* **Exercise**: In the records below, find the line with "製品サイズ:長さ:200ミリ", then copy each line exactly until you have copied the line with "bright indoor spaces.". Leave any picture out.

* **The records**:
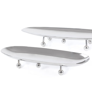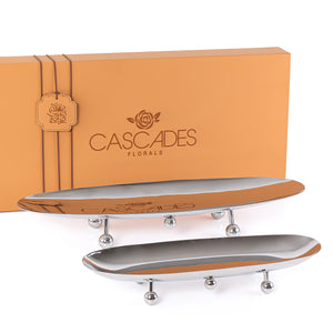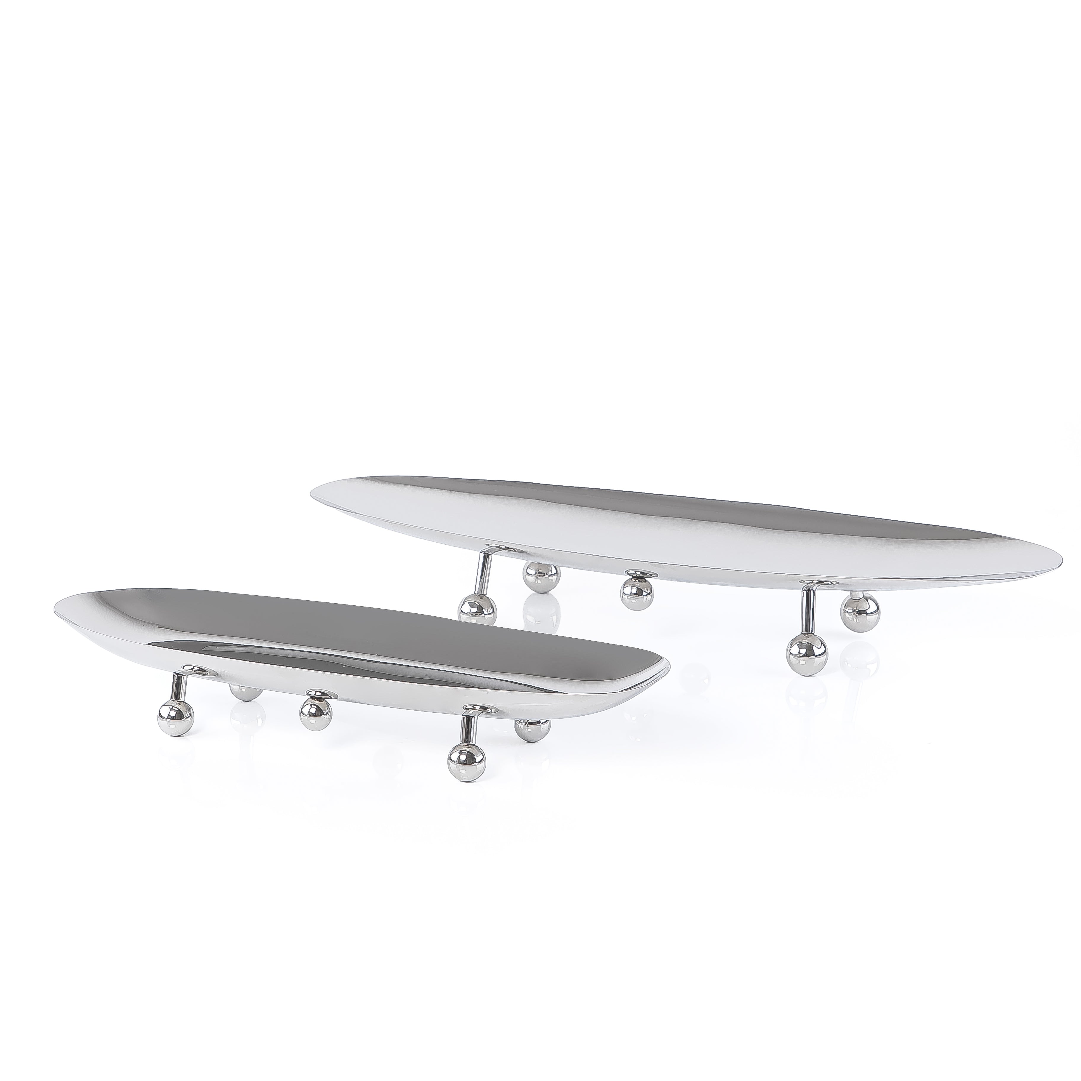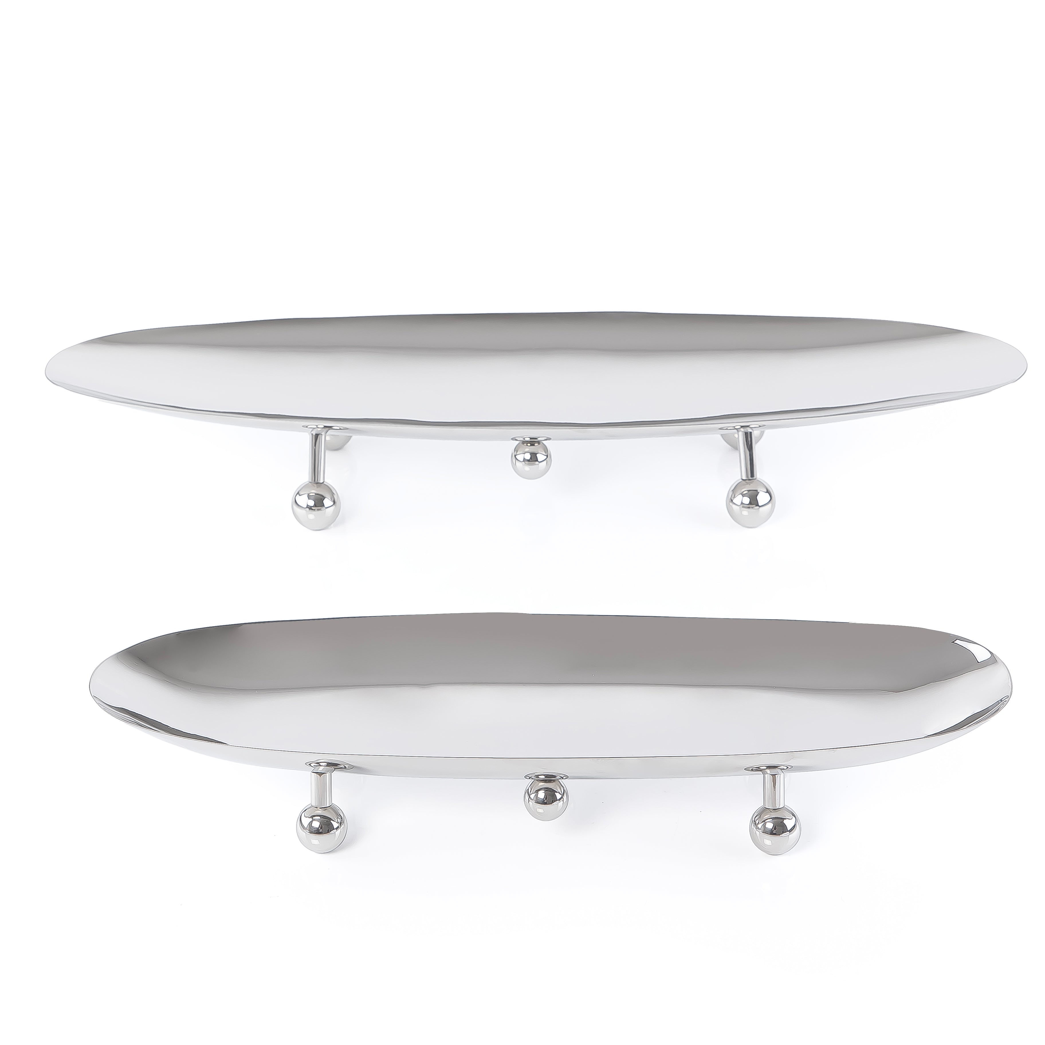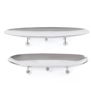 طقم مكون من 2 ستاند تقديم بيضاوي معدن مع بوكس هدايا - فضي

---

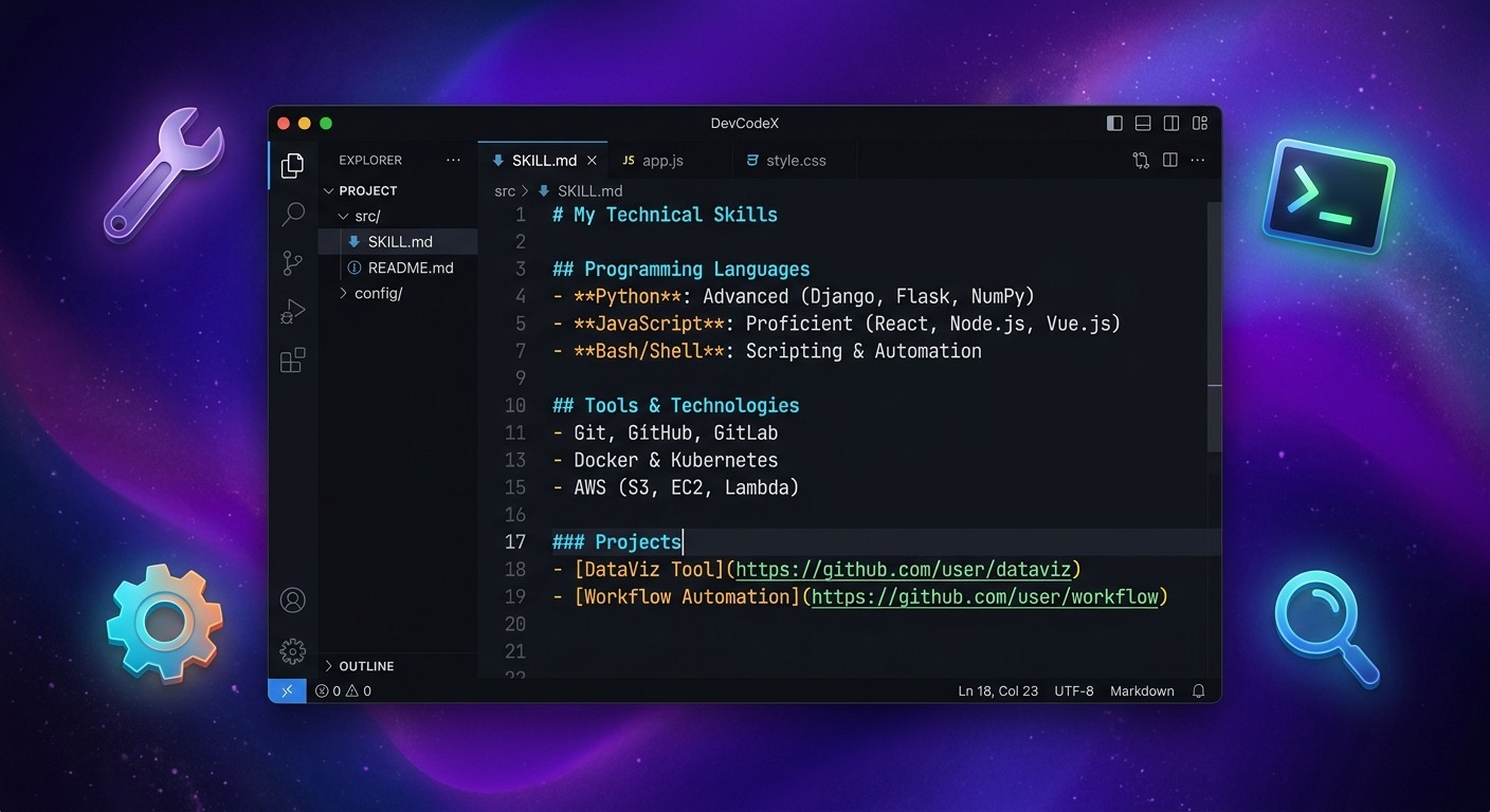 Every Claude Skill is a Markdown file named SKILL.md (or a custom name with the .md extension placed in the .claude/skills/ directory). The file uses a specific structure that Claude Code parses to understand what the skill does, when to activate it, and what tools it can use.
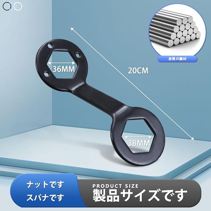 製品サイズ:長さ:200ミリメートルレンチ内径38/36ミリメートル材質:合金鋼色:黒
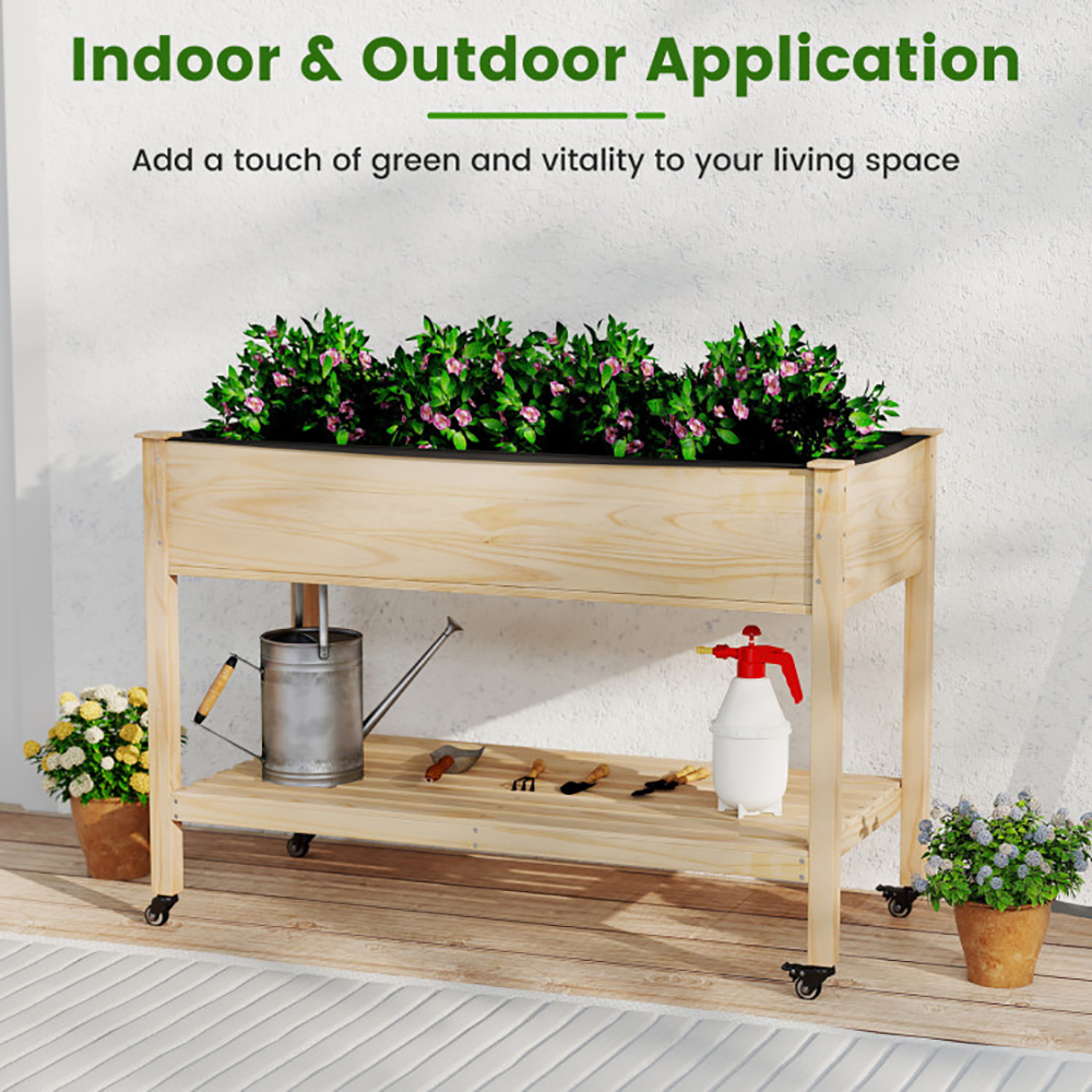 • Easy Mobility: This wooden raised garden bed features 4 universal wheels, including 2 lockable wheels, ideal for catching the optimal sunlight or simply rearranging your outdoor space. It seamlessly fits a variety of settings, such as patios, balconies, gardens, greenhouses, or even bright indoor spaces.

* **Response to the exercise**:
 製品サイズ:長さ:200ミリメートルレンチ内径38/36ミリメートル材質:合金鋼色:黒
 • Easy Mobility: This wooden raised garden bed features 4 universal wheels, including 2 lockable wheels, ideal for catching the optimal sunlight or simply rearranging your outdoor space. It seamlessly fits a variety of settings, such as patios, balconies, gardens, greenhouses, or even bright indoor spaces.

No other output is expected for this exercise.